In her 16 years of service at The Salvation Army, Ana Aguirre has seen the American family change before her eyes. As program director for the Zahn Memorial Center, an emergency shelter for families in downtown Los Angeles, Aguirre is in constant contact with those in need.
She helps single parents, interracial families and inmate parents, who make up much of the change to the typical family the country once knew. Each day, she does her part to get these families back on their feet, providing them with not only shelter, but guidance.
Young mothers increasingly pour into the center, she said.
“Right now we have a woman in her late 20s who has a 14-year-old child,” Aguirre said. “They have kids when they are very young. Most have GEDs or nothing at all.”
Today, it is not uncommon for a woman to be unmarried when they give birth to their first child. Some 40 percent of women without a college degree—and 57 percent who have a high school diploma or less—are single mothers, according to The New York Times.
Yet another type of struggling American family—a byproduct of the United States’ high jailing rate—is the family scraping by with one incarcerated parent. An estimated 2.7 million children nationwide have a parent in jail, according to research by the Pew Charitable Trusts.
At the Zahn Center, single mothers often cope with incarcerated fathers. Aguirre points to one mother, just 21 years old, with two infants. Another, also in her 20s, seeks assistance with finding housing and care for her toddlers while her spouse faces life in prison.
“We have to look for ways to help them see the spouse, and help them deal with courts,” Aguirre says of The Salvation Army’s many duties.
Tough loves comes with the job. Often times, women will give a chunk of their small funds to their incarcerated partners for food and other essentials. One mother, Aguirre says, wanted to send $100 of her $500 monthly income to her husband.
“I pulled her aside and I said, ‘You need to think of your children. They need a home,’” she recalled. “We tell them what their priorities should be. Their husbands aren’t our priority.”
As families changed significantly over the last century, The Salvation Army has tried to keep pace with the shift, modifying its services in-kind.
At the start of the AIDs epidemic, for example, The Salvation Army was one of the first providers of shelters for families affected by the disease.
“They don’t shove religion down people’s throats,” said Dr. Diane Winston, an expert in religion at the University of Southern California. “On the whole, the Army evangelizes by doing good work for people rather than beating them over the head.”
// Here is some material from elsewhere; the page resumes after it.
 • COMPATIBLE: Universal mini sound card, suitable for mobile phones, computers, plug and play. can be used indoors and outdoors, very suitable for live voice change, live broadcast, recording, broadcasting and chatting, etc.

Since it started offering social services in the 1880s, The Salvation Army has tried to meet the needs of people “as they actually are,” Winston said. For centuries, the organization has had to be flexible in the services it offered and sensitive to a range of living or familial arrangements.
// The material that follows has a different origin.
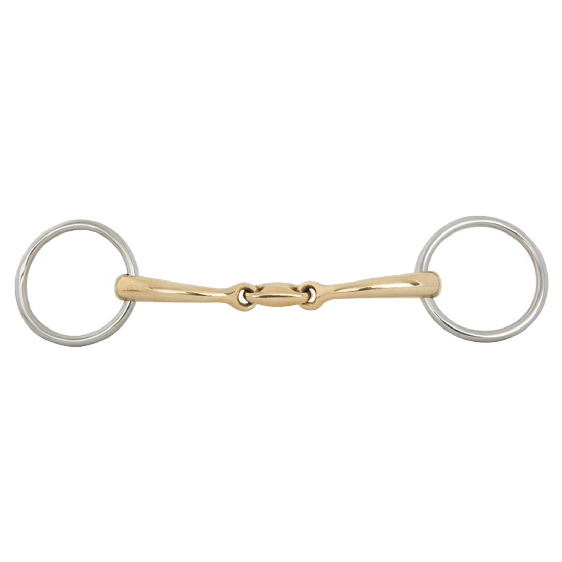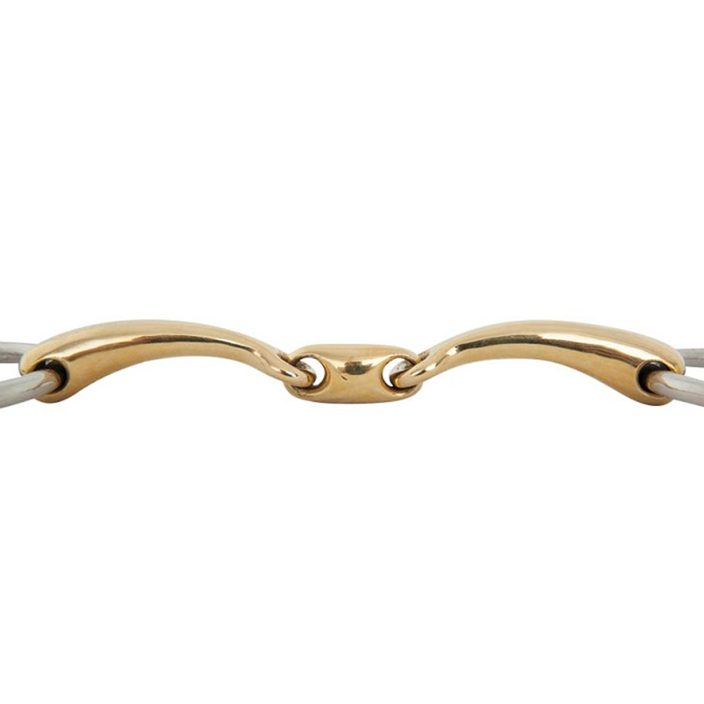Wędzidło podwójnie łamane typu bradoon z luźnymi pierścieniami, o anatomicznym kształcie dopasowanym do pyska konia. Zapewnia łagodne i równomierne rozłożenie nacisku.

The Salvation Army’s adaptation to the changing family falls in line with the organization’s Christian ideals—the messages found in the Bible of helping the hungry, poor and dispossessed.
“In the true compassionate Christian way, they accept people as they are,” Winston said.
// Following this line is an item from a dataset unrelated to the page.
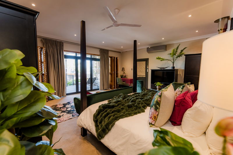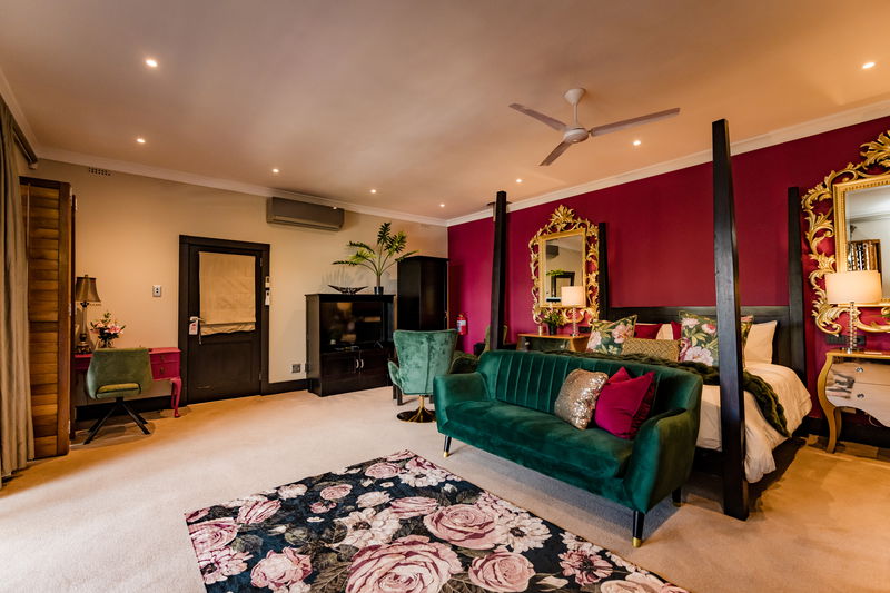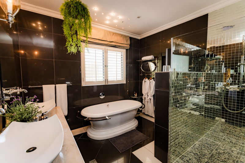 It has a king size 4 poster bed, elegant 2 seater couch, 2 bucket chairs, 2 giant Baroque mirrors, a dressing table and dresser, a double wardrobe, TV unit, tea/coffee station and a wood burning fireplace. An original zebra oil and a giant Nguni hide add an essence of Africa. The en-suite bathroom is the epitome of luxury tiled in ebony gloss tiles, with twin basins on a marble topped unit, a super luxurious double volume shower fully tiled in mirrored mosaics and a magnificent safari style bath, bidet and toilet.

And The Salvation Army isn’t alone in adaptation to the changing family—as the typical household changes, so does the influence of the Church.
Changes in family life have become a main concern in faith communities that view religion and family as inextricably linked—marriage and parenthood make religion more important to people, but families are becoming less religious.
Nearly half of Americans say the growing number of “people who are not religious” is bad for society, yet the number of religiously unaffiliated Americans, or “nones,” is only increasing, according to an October 2012 study from the Pew Research Center.
As one of the fastest growing “religious” groups in the world, nones show how changing families and varied upbringings have stymied many messages of the Church.
One-fifth of the U.S. public and one-third of adults under 30—those who are most likely to have children—fall into this group. Nearly 6 percent of Americans—13 million people—are self-described atheists or agnostics.
Families are also more diverse today than they were a decade ago. Increasingly, parents come from different religious and ethnic backgrounds as more same-sex couples take their vows, Catholics marry Jews, and blacks marry whites.
“It’s consistent with the Christian church and it’s a scandal in a way that Christianity did not embrace diversity in culture and in race for many years,” said Major David Harmon, who has spent decades as a minister for The Salvation Army and is in an interracial marriage himself.
Interracial marriages can only make The Salvation Army stronger, he added.
Harmon and his wife asked themselves a number of questions before they were married more than 30 years ago. Chief among them was whether their racial differences—he is white and she is African-American—was reason enough to stifle an otherwise successful relationship.
In the end, they decided they couldn’t abandon a loving partnership on the grounds it might be challenging for others to accept.
As mixed marriages like Harmon’s become more common throughout the U.S., The Salvation Army has reached out to racially diverse families through various programs and pastoral counseling, he said.
“The intercultural marriage in our clergy and our congregations have made us better servants to the American community,” Harmon said. “It has caused us to think more deeply than in the past. It’s made us more inclusive.”